The concept of Original Sin, accepted by some sects, is based upon this event. Every last descendent of those two naughty Chosen People is stained by this one action in the garden, born without recourse under a Damoclean Sword (might as well mix it up a bit) from something they had no control over, which may have occurred millennia before they came along. But even if you don’t truck with the Original Sin idea, there’s still the whole ‘paradise denied’ idea that gives us the existence we now have.

Basically, this means humans were created in a default ‘good’ state, but screwed this up right out of the gate. Forever after, we must make specific efforts to re-attain this state if we want to receive our reward for going through life. Note that adam & eve didn’t actually do anything in the garden to earn their initial good status; they started that way.
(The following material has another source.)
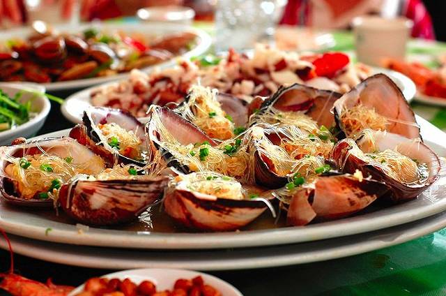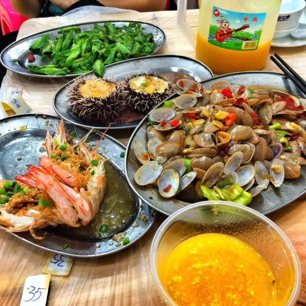 办理入住后我们便2路公交去了第一市场。来这里之前总是听说第一市场的海鲜有多么好吃,刚开始还不信呢,到了就傻眼了,东西多的挑花眼。首先是到海鲜市场挑选海鲜,然后拿到加工店加工,要说的是去第一市场尽量选择耐脏的衣服,因为选海鲜的时候很太容易把衣服弄脏,并且整条街地面都是粘粘的,即便是这样也阻挡不了吃货的心。我们选择的是被很多人推荐的花姐好再来。他家人真的超多,我们是下午四点多去的已经有很多人在吃了。由于我们两个女生饭量都不是很大,所以点的东西不是很多。海胆两个加上芒果螺,单买工25元,明虾是130一斤,我们买了两只是46元,又点了鲜榨芒果汁和四角豆,算上加工费总计171元。其中四角豆是和明虾是蒜蓉

Now, imagine if it had occurred the other way around. Suppose that god had decided they should start with a default ‘bad’ status, abused constantly by the viciousness within the garden, but by doing something that pleased the one who gave them their traits and knew everything that could happen (yeah, it really does look like a manipulative game, doesn’t it?), they could then be blessed with a ‘good’ status to pass along forever and ever to their offspring, or alternately just exit the garden of nastiness to live in a nice world without strife. Free food, no competition, no floods or volcanoes. What if we were born with Original Grace, and had to do something nasty to deserve eternal punishment?

Now try imagining what religion would be like, since it would be inverted in nature. Since we’d have a god that was actually pretty cool instead of spiteful, we’d almost certainly have priests and such who told us routinely that, despite how great the world was, god was the very personification of Hate. Sunny days and excellent crop yields would be evidence that we displeased him somehow, probably by being nice to one another, and deaths in unlucky or bizarre accidents would be trumpeted as proof of god’s inherently shitty nature.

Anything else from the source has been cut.